Work to be completed: Start to finish, print the data below exactly, without the images.

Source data
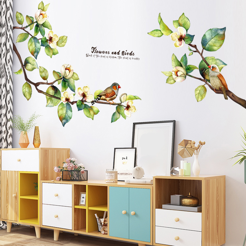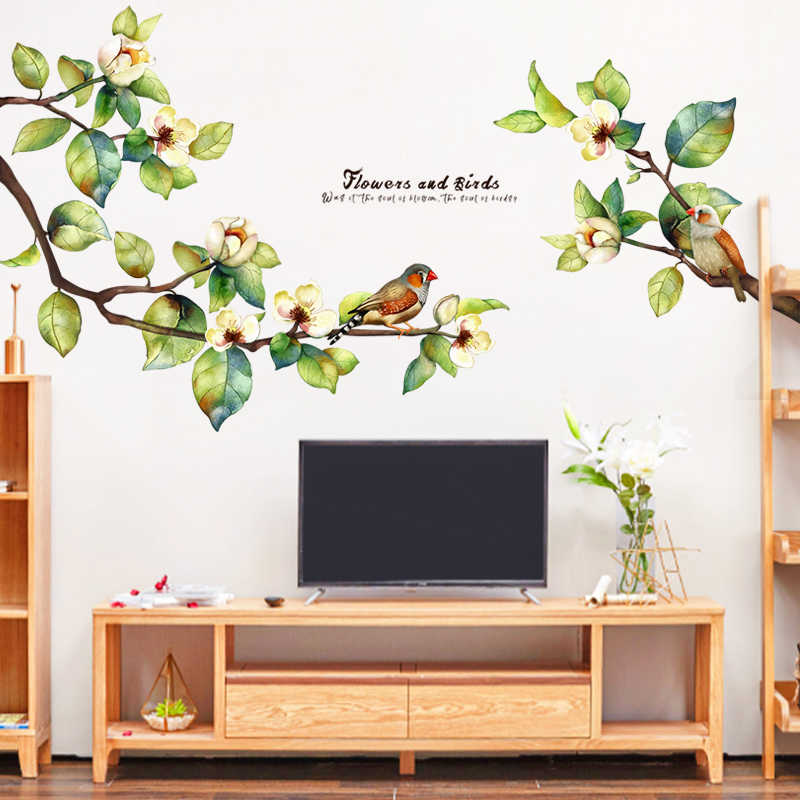 大型客厅电视背景墙贴纸清新花鸟新中式 饰墙壁自粘贴画 卧室床头装
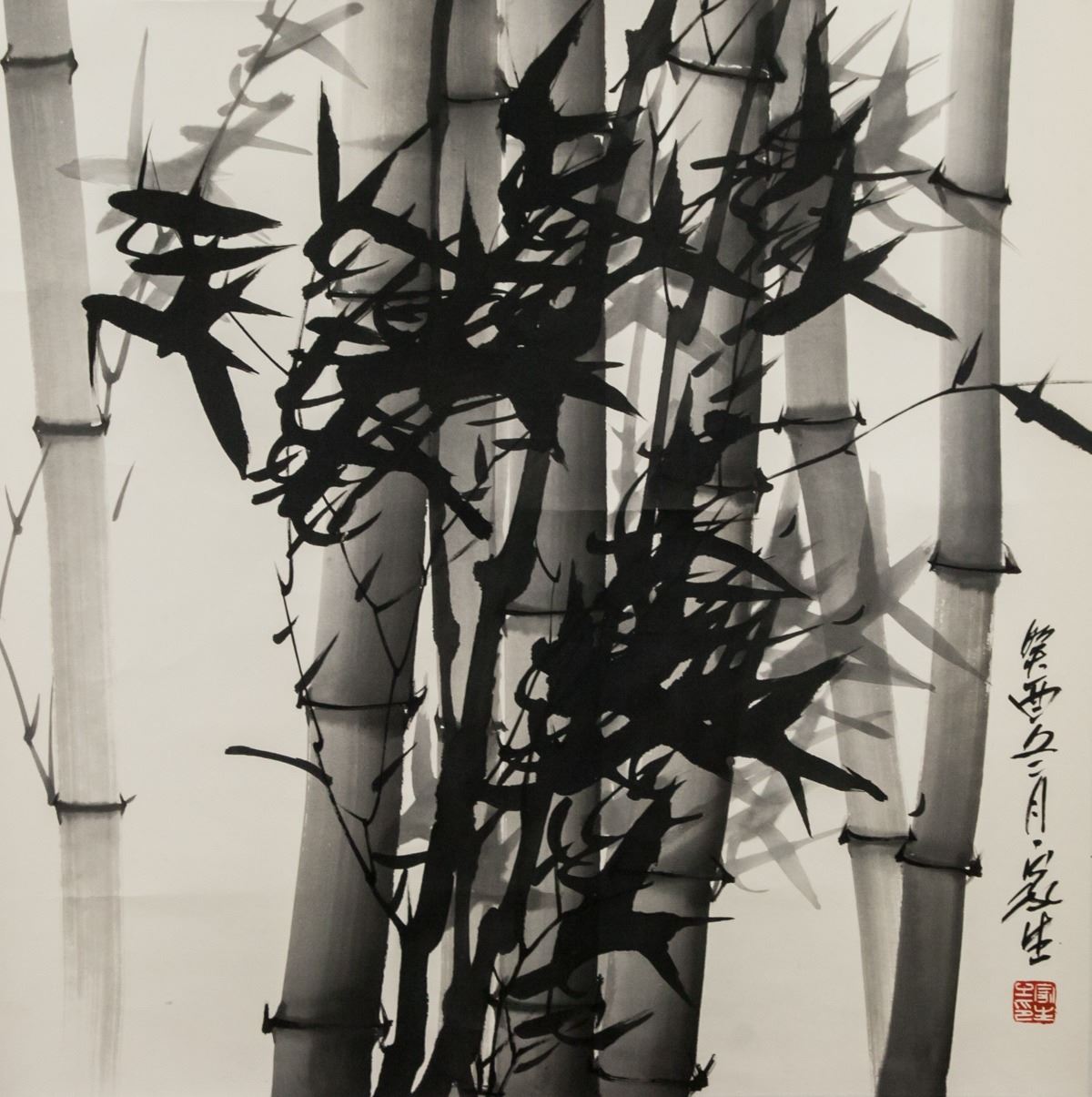 Ink on paper, hanging scroll. Featuring bamboo. Signed Jiasheng (20th century, Chinese), inscribed with 1 artist seal. 66 x 65 cm
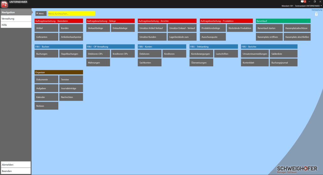 Ob ortsunabhängig in der SCHWEIGHOFER CLOUD oder als klassische Installations-Variante, unser Produkt UNTERNEHMER bietet Ihnen vollkommene Flexibilität für Ihre laufende Warenwirtschaft. Das Produkt ist daher ideal für alle Branchen, sowie Freiberufler, Kleinunternehmen und Startups geeignet.
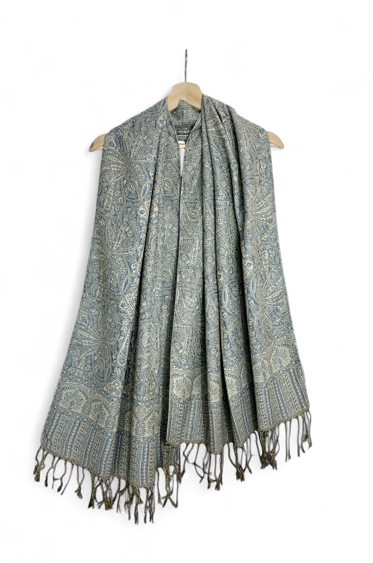 Sublimez votre style avec ce superbe pashmina indien artisanal, confectionné selon les traditions du Cachemire. Chaque pièce est finement tissée et ornée de motifs floraux et cachemire (paisley) pour un rendu chic et intemporel.
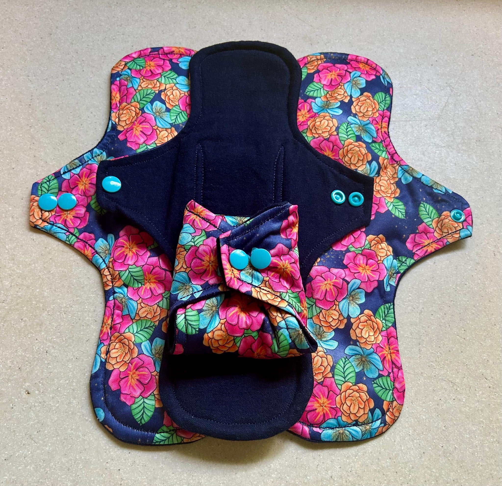 Navy/Tropical Flowers Organic Top Cloth Pad
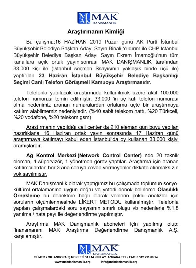 MAK Danışmanlık, 23 Haziran'da yapılacak İstanbul Büyükşehir Belediye Başkanlığı seçimi için yaptığı 33 bin kişilik anketi yayınladı.
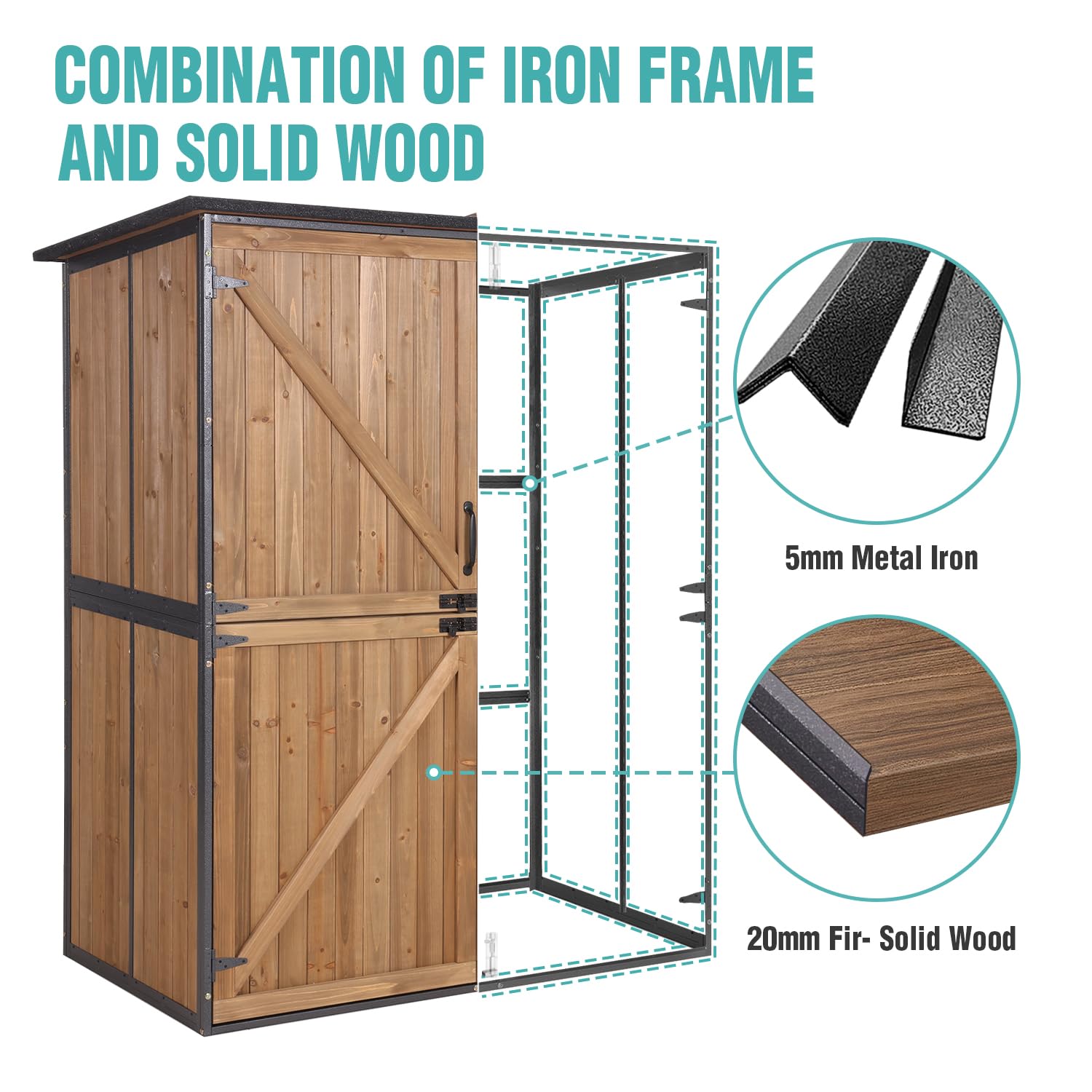 - Superior Structure: This storage shed is a perfect blend of sturdy metal frames and durable cedar wood, ensuring robustness and longevity. It's the perfect addition to your outdoor living space.

Response area:
 大型客厅电视背景墙贴纸清新花鸟新中式 饰墙壁自粘贴画 卧室床头装
 Ink on paper, hanging scroll. Featuring bamboo. Signed Jiasheng (20th century, Chinese), inscribed with 1 artist seal. 66 x 65 cm
 Ob ortsunabhängig in der SCHWEIGHOFER CLOUD oder als klassische Installations-Variante, unser Produkt UNTERNEHMER bietet Ihnen vollkommene Flexibilität für Ihre laufende Warenwirtschaft. Das Produkt ist daher ideal für alle Branchen, sowie Freiberufler, Kleinunternehmen und Startups geeignet.
 Sublimez votre style avec ce superbe pashmina indien artisanal, confectionné selon les traditions du Cachemire. Chaque pièce est finement tissée et ornée de motifs floraux et cachemire (paisley) pour un rendu chic et intemporel.
 Navy/Tropical Flowers Organic Top Cloth Pad
 MAK Danışmanlık, 23 Haziran'da yapılacak İstanbul Büyükşehir Belediye Başkanlığı seçimi için yaptığı 33 bin kişilik anketi yayınladı.
 - Superior Structure: This storage shed is a perfect blend of sturdy metal frames and durable cedar wood, ensuring robustness and longevity. It's the perfect addition to your outdoor living space.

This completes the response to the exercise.